Lo cual exige un profundo desarrollo de las lenguas nativas e inclusive de las lenguas indígenas, como decía hoy Miguel León Portilla, para aportar visiones que, desde lo local, conduzcan a lo universal. No resulta extraño escuchar los nombres de Tales de Mileto, o de Kant de Königsberg, que señalan cómo desde una provincia o desde un pueblo pequeño, pueden surgir ideas universales que en su origen estuvieron plasmadas en griego y en alemán. Sin mengua, desde luego, de las acomodaciones al habla local, como es el caso de México, en donde a los transportadores de materiales de construcción los llaman materialistas; lo cual justifica un aviso de este tenor en una calle de la capital mexicana: se prohíbe a los materialistas estacionarse en lo absoluto. Y explica este perfecto alejandrino en una tienda que se liquidaba, en Bogotá, en donde al inventario se le llama existencia: liquidación total de la existencia.

5. La apertura

Causa asombro y vergüenza que autoridades académicas de alto rango señalen como objetivo de sus propuestas pedagógicas la defensa del inglés como única lengua de comunicación académica, y el oscurecimiento de las lenguas nativas; en nuestro caso, por ejemplo, el abuso de la voz pasiva, el desconocimiento de la sintaxis y el desprecio por el subjuntivo.

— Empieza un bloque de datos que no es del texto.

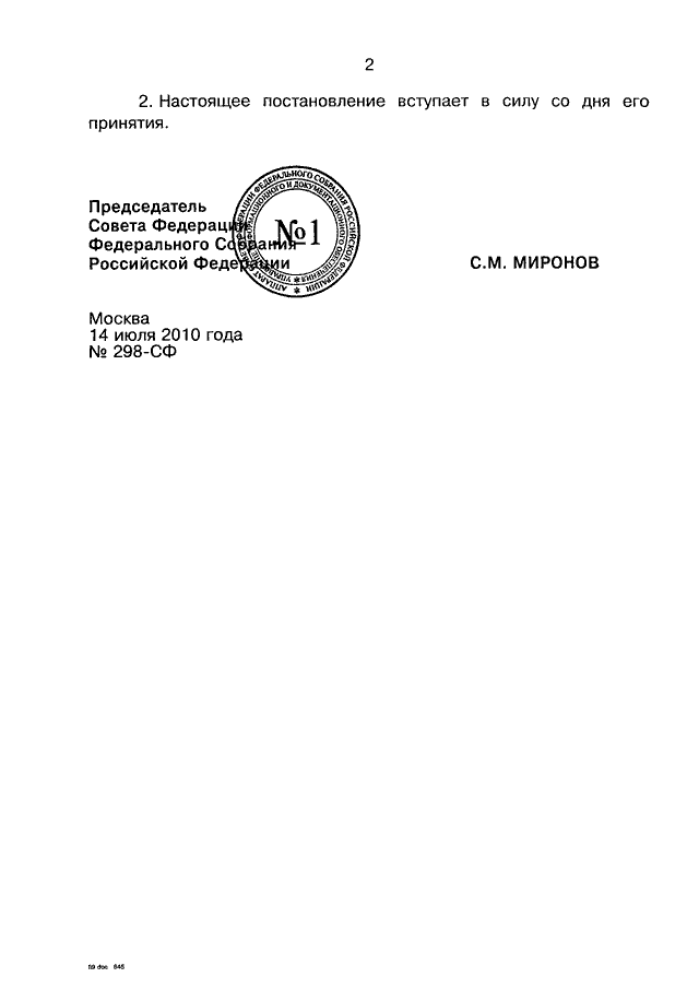 ПОСТАНОВЛЕНИЕ СФ ФС РФ от 14.07.2010 N 298-СФ

Cierto que, como decía el maestro Samuel Gili Gaya, participamos poco en la creación innovadora de la ciencia y de la tecnología contemporáneas; que vivimos en gran parte de lo que otros países inventan y propagan; y que las operaciones y los conceptos científicos nos llegan importados con los nombres y los verbos de origen. Pero, repito hasta la fatiga, tenemos receptividad.

Nuestra lengua es abierta al lenguaje de la tecnología, al de la cibernética. Por lo mismo, es deber de nuestra comunidad académica tomar más en serio la investigación científica, explorar con más ahínco en la ciencia y en la tecnología, y comunicar estos resultados en un buen español; y es deber de nuestras Academias mantener su capacidad de búsqueda, análisis e incorporación, abiertas a las mutaciones de la ciencia y la tecnología.

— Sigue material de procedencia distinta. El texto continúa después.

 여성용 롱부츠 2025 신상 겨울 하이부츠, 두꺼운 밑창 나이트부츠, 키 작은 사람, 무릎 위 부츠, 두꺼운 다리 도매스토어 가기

La Real Academia Española, por boca de su director don Víctor García de la Concha, ha expresado que existe esa tarea pendiente para las Academias de habla hispana: recoger el habla de los otros nueve décimos de hispanohablantes de allende el mar y recoger la terminología científica y técnica para que cada nueva edición del Diccionario sea reflejo de la realidad del español en la era del conocimiento. Sabemos que en el nuevo Diccionario se eliminaron 14.000 palabras obsoletas y se incorporaron 20.000. Lo que demuestra sincronidad de nuestra lengua con el tiempo en busca del vocablo certero y elegante, antes de que los extranjerismos se aclimaten como calcos o como préstamos o como xenismos. Sólo admiración tenemos en América y el Caribe frente al fértil quehacer de la Real Academia Española. Empero, permítanme evocar mi reflexión ante el entonces director, don Dámaso Alonso, sobre la justicia de calificar de españolismo en el DRAE los barbarismos perpetrados en España contra nuestra lengua, al modo como con razón se tilda de argentinismo, mexicanismo o colombianismo, los atentados que nosotros cometemos contra ella. Se haría, así, labor pedagógica válida erga omnes y se evitaría la perplejidad de aquel indiecito maya —evocada por el mexicano Miguel León Portilla en Zacatecas—, al ver un libro del conquistador español: «Ah, ¿y es que los españoles también tienen libros, como nosotros?».

En las exequias de Max Planck, dijo Eistein que las puertas del santuario del conocimiento sólo se abren para quienes buscan un mundo inteligible fundado en la razón; y que están cerradas para quienes tocan a ellas con propósitos de codicia o vanidad. Nuestra vanidad y nuestra codicia de hispanoparlantes están en libretos que nos abren las puertas del conocimiento, porque es vanidad abierta y solidaria de la lengua que hablamos y codicia de que la hablen muchos más. Con razón escribía don Pedro Salinas que «está el hombre junto a su lengua como en la margen de un agua un estanque que tiene en el fondo joyas y predrerías, misterioso tesoro celado».